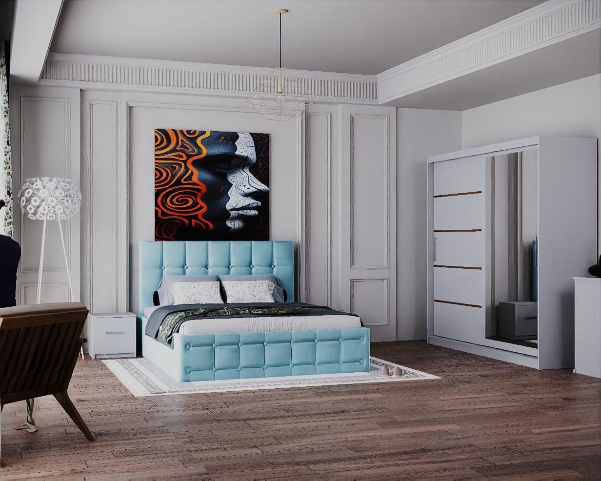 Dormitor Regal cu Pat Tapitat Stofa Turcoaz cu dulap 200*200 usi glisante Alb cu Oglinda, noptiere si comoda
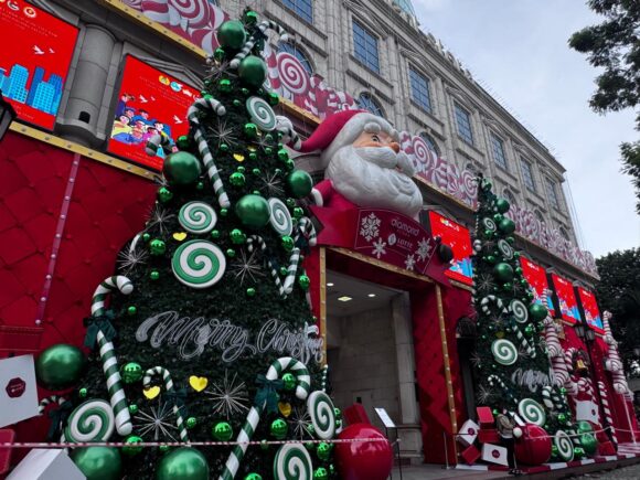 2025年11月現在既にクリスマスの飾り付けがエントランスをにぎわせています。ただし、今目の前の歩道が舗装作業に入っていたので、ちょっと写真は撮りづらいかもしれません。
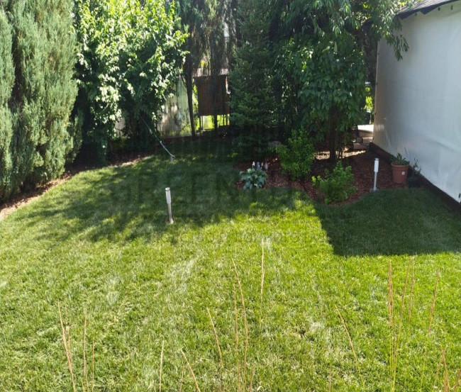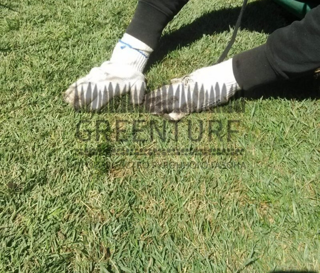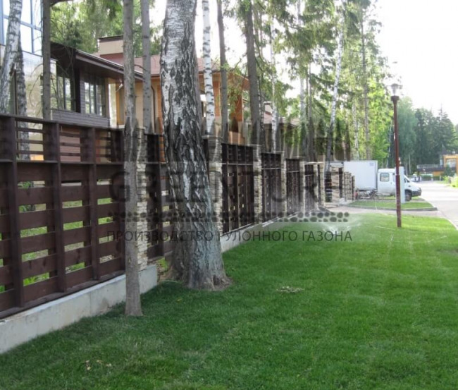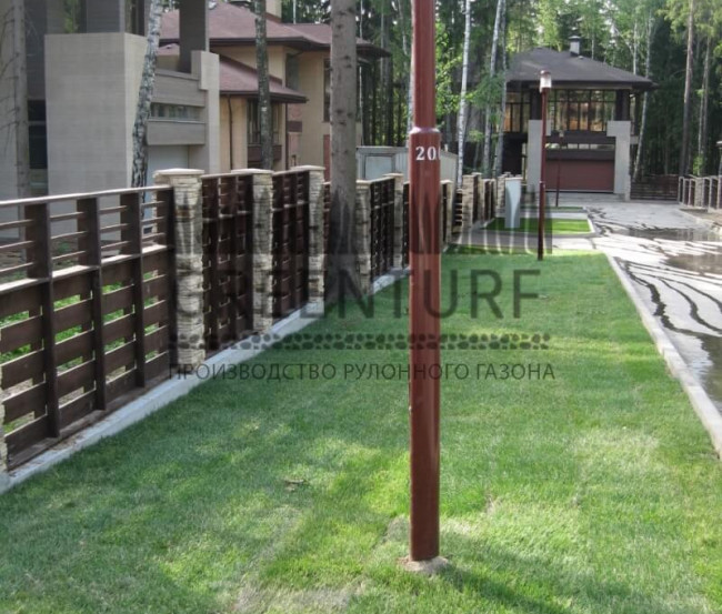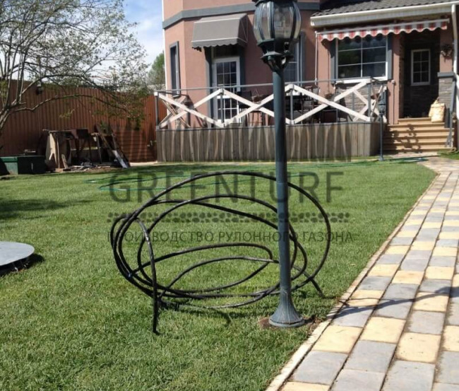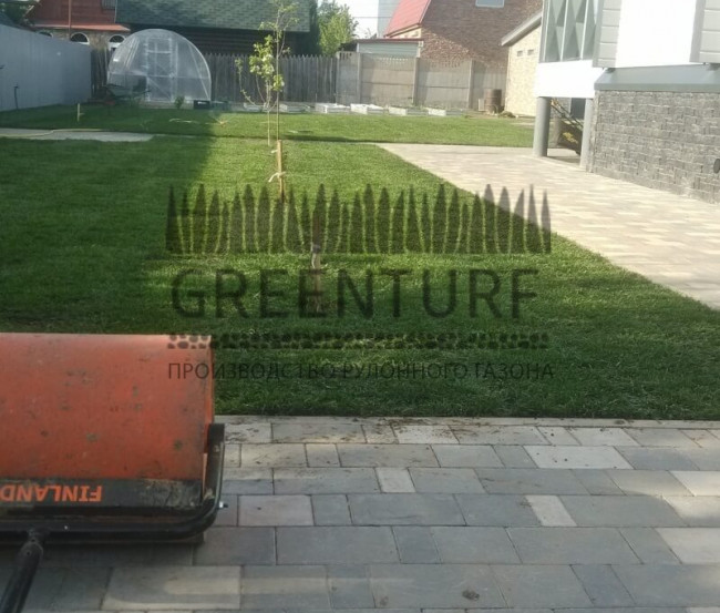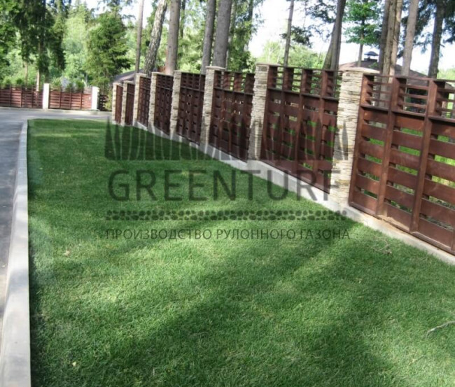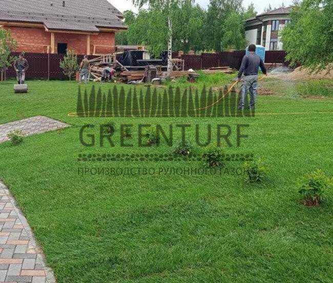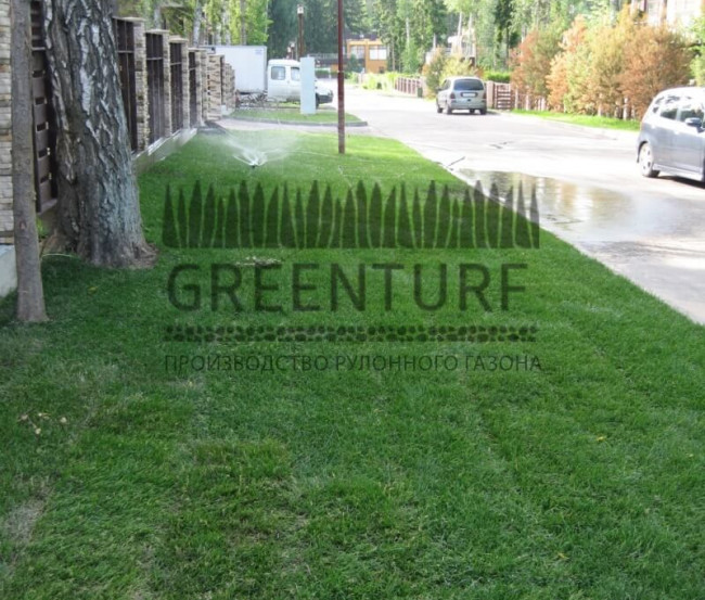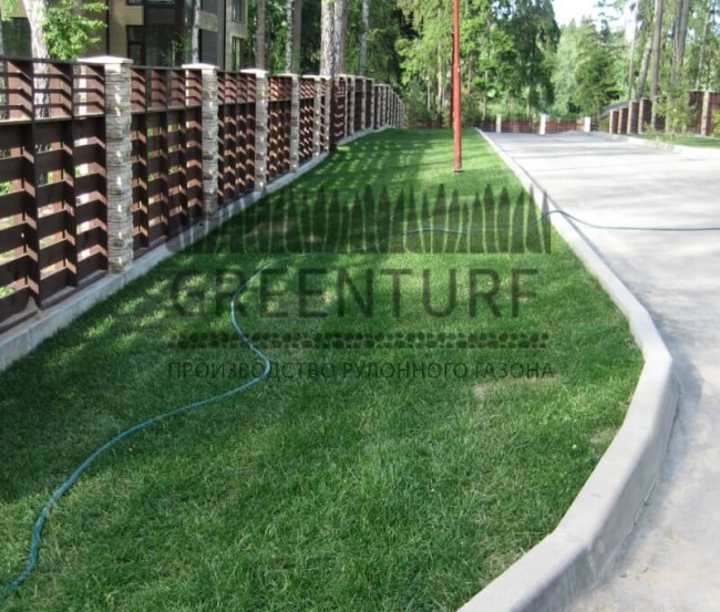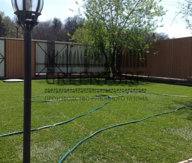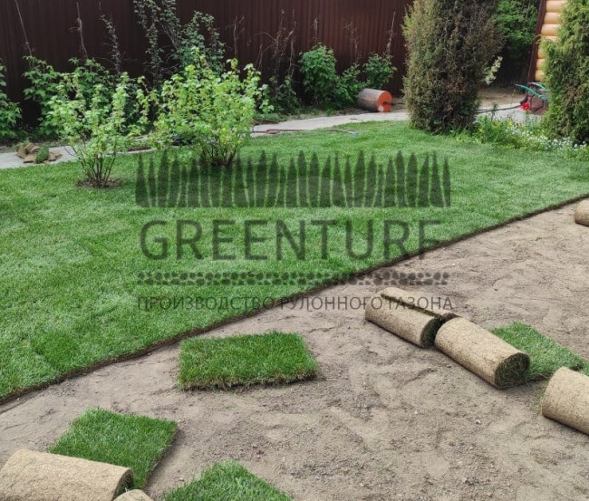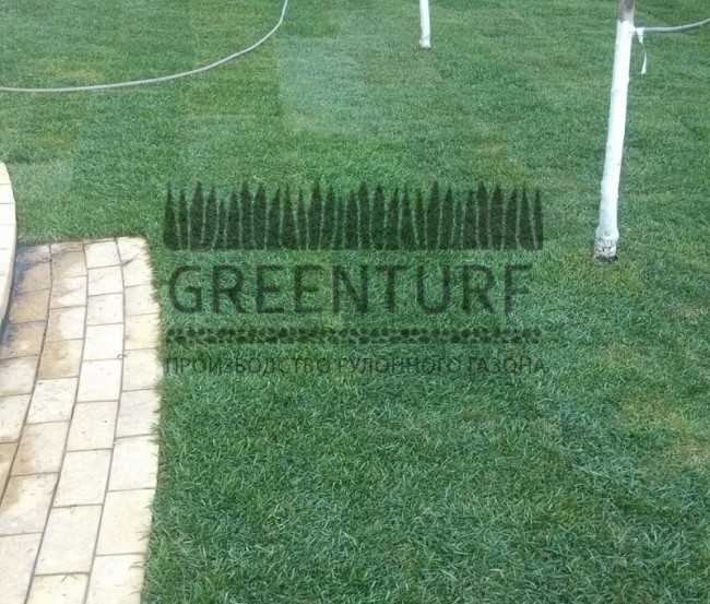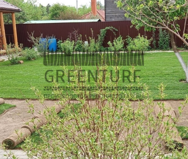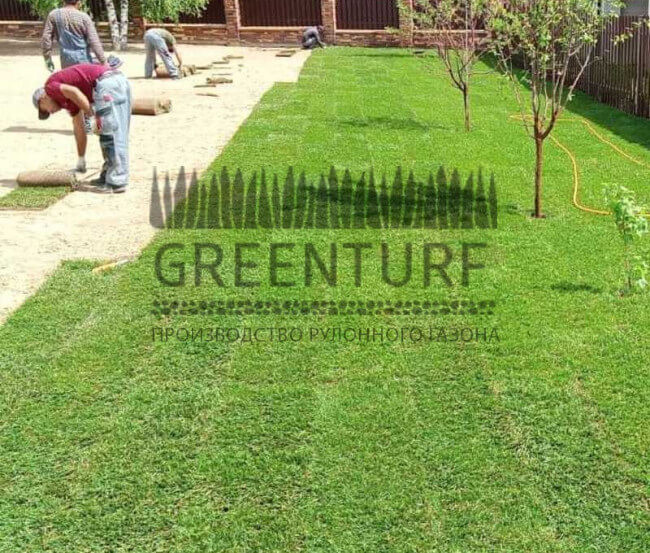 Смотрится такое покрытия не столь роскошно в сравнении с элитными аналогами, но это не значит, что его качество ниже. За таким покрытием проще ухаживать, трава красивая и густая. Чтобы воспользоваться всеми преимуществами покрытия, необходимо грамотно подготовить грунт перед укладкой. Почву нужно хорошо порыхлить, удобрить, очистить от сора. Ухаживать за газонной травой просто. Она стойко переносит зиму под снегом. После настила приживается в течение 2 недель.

# The problem
Set down the material above exactly. Skip any picture.

# Expected answer
 Dormitor Regal cu Pat Tapitat Stofa Turcoaz cu dulap 200*200 usi glisante Alb cu Oglinda, noptiere si comoda
 2025年11月現在既にクリスマスの飾り付けがエントランスをにぎわせています。ただし、今目の前の歩道が舗装作業に入っていたので、ちょっと写真は撮りづらいかもしれません。
 Смотрится такое покрытия не столь роскошно в сравнении с элитными аналогами, но это не значит, что его качество ниже. За таким покрытием проще ухаживать, трава красивая и густая. Чтобы воспользоваться всеми преимуществами покрытия, необходимо грамотно подготовить грунт перед укладкой. Почву нужно хорошо порыхлить, удобрить, очистить от сора. Ухаживать за газонной травой просто. Она стойко переносит зиму под снегом. После настила приживается в течение 2 недель.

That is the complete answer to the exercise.